MAS Holdings, meanwhile, emphasized the importance of long-term vision and innovation, given the current environment exerts extreme price pressure on suppliers that are already operating on “mid-single-digit margins,” leaving little room for additional costs or endeavors.

“I think in the most volatile times are when companies are tested,” said Nemanthie Kooragamage, director of group sustainable business at MAS Holdings. “For us, it’s been not having that perfect strategy but having leaders who can keep sight of the long-term vision in a short-term world, and having that clarity of thought, being able to understand what is non-negotiable. What can be paused?”

These combined pressures force difficult choices, Kooragamage said; a company may have to make decisions about where to invest (like energy) and what initiatives (like biodiversity restoration) to pause as a result. Kooragamage confirmed that while the “wellbeing of our people is a non-negotiable,” they may have to pause things like “biodiversity restoration” to prioritize necessary areas, such as energy.

Snags aside, a clear business case for sustainability persists, repositioned as a crucial driver of competitive advantage and long-term for supply chain resiliency.

“The cost of not taking action is potentially even greater,” said Beth Jensen, chief impact officer of Textile Exchange. She outlined the economic barriers facing raw material producers who are on the “front line of climate change.” Challenges like commodity pricing hinder scaling what the multi-stakeholder organization sees as where impact happens: the “preferred production systems.”

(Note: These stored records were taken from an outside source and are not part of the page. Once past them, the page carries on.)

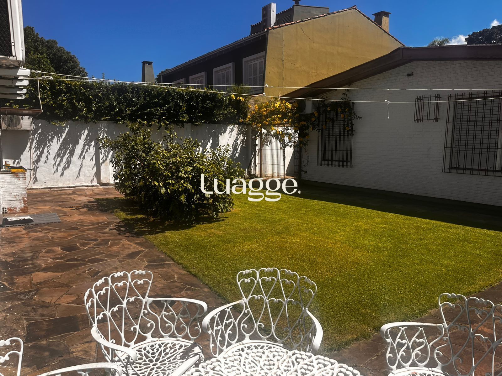 Nos fundos, o pátio arborizado oferece uma área social independente, ideal para lazer e convivência, composta por espaço com churrasqueira, 1 dormitório com ar-condicionado e banheiro completo.
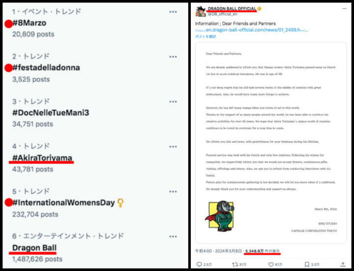 ドラゴンボール公式による英語発表13時間後には、5300万回以上表示、31万回のRT、25000のリプ
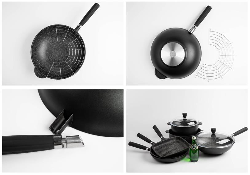 粘涂层来自Whitfore(华福公司)不含PFOA助剂,山毛榉木质锅柄,轻松耐用,舒服防滑。公司设计Julienne、 Granit和Titanio系列以不同的侧重点满足消费者需求。
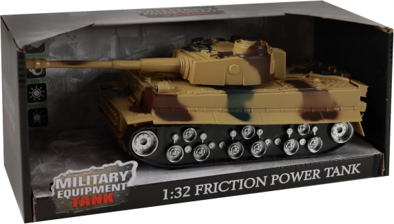 Dank des Friktions- (Schwungrad-)Mechanismus fährt der Panzer nach dem Anstoßen nach vorn. Der praktische Maßstab 1:32 liegt gut in der Hand.
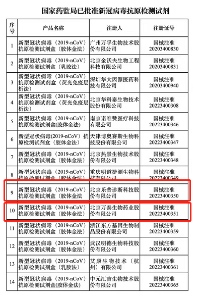 近日,国家药监局发布通告,14家企业新冠病毒抗原自测产品获批上市,其中,昌平2家企业北京万泰生物药业股份有限公司、北京乐普诊断科技股份有限公司获得国家药监局注册批准。

“If we don’t invest in preferred production systems now, we won’t have supply in the way that companies want to be sourcing—now and into the future,” Jensen said. These systems are categorized into three main areas: natural fiber cultivation, animal fiber sourcing and technical recycling solutions.

“We need to reduce impacts related to climate and nature, make sure that people have good livelihoods, make sure animals are treated well on the supply chain—all of those things are true,” Jensen said. “And also, there’s a huge risk to not investing in these types of production systems now. A huge risk to businesses, to be able to go forward and do the type of work that they want to be doing and make the type of products that they want to be making.”

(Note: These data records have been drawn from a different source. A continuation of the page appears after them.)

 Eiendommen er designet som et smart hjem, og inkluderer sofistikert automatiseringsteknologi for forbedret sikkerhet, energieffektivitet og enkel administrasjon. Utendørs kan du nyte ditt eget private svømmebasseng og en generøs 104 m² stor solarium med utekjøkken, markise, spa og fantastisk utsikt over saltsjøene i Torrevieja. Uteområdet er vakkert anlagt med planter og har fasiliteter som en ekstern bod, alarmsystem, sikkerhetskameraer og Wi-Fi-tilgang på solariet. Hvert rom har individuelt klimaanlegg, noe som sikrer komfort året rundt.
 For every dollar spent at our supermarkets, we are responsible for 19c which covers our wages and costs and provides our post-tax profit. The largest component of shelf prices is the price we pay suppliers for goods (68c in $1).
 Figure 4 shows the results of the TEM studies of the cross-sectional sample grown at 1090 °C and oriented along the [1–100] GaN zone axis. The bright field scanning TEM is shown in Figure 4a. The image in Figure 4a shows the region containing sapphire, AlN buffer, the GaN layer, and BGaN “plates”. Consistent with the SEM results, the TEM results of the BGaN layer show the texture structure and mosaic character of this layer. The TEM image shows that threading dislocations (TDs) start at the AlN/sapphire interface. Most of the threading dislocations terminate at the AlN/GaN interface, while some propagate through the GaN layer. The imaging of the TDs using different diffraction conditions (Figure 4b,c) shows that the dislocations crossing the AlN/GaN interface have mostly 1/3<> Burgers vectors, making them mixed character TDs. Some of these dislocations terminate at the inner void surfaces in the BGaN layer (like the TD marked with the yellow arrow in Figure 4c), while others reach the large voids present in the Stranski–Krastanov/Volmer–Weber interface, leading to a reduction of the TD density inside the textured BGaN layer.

When asked why businesses should still care about sustainability while putting out other fires, Jensen said supply chain resiliency and managing business risk are “what it’s all about.”

“Apart from the moral issue—respecting human rights everywhere—the trend we are seeing for businesses is to focus on resilient and steady supply chains,” Kuruvilla said. “From that perspective, I think sustainability is a business requirement as well.

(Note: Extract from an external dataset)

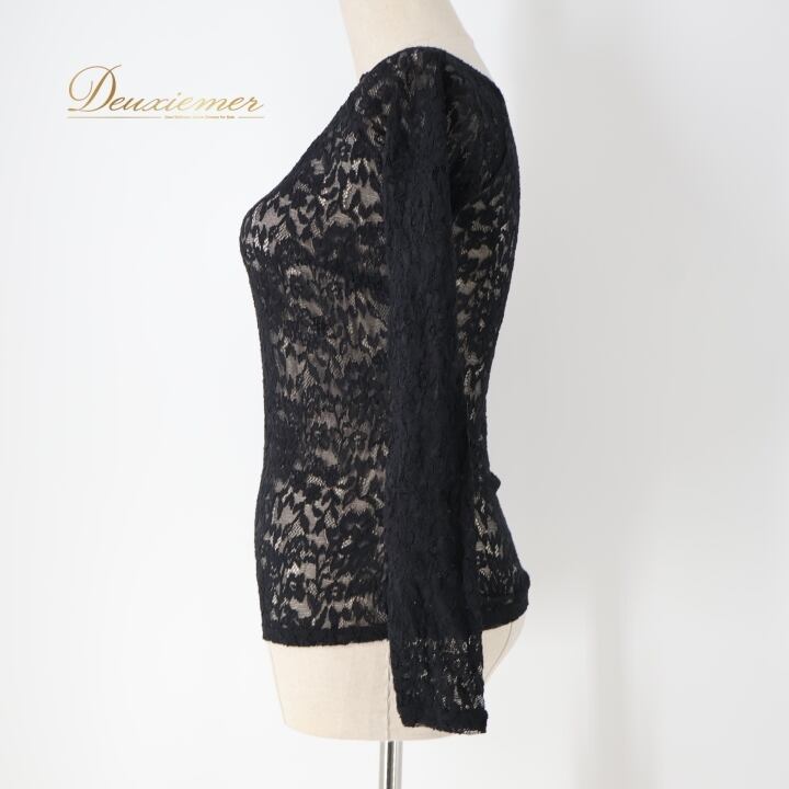 社交ダンス 衣装 トップス ブラウス ブラック系 チャコット Chacott 黒 日本製 レース 伸縮 ストレッチ 練習 レッスン 上品 かわいい パーティー ダンス衣装 イベント ステージ 長袖 重ね着
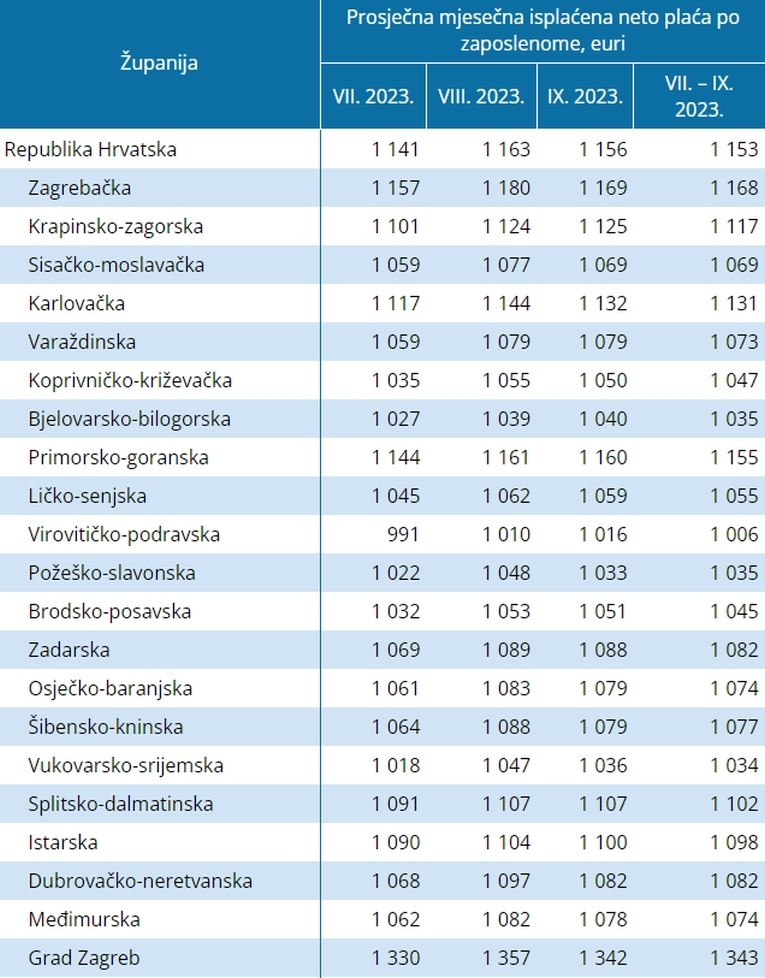 Najviša prosječna mjesečna isplaćena neto plaća po zaposlenome u pravnim osobama u trećem tromjesečju 2023. isplaćena je u Gradu Zagrebu i iznosi 1343 eura, slijede Zagrebačka županija s 1168 eura, Primorsko-goranska s 1155 eura, Karlovačka s 1131 eurom, Krapinsko-zagorska s 1117 eura i Splitsko-dalmatinska županija s 1102 eura.

For Kooragamage, the answer is based on one’s belief systems.

“It’s a question of whether you want to be in it only for pricing, or do you want to create something more than that,” she said, noting that the company employs 95,000 people across the world; not only are their well-being, but the environments that they live in, are essential to protect.

“Our business has always been built in being able to deliver a quality garment on time,” Kooragamage continued. “That doesn’t happen if you don’t have workers who are looked after.”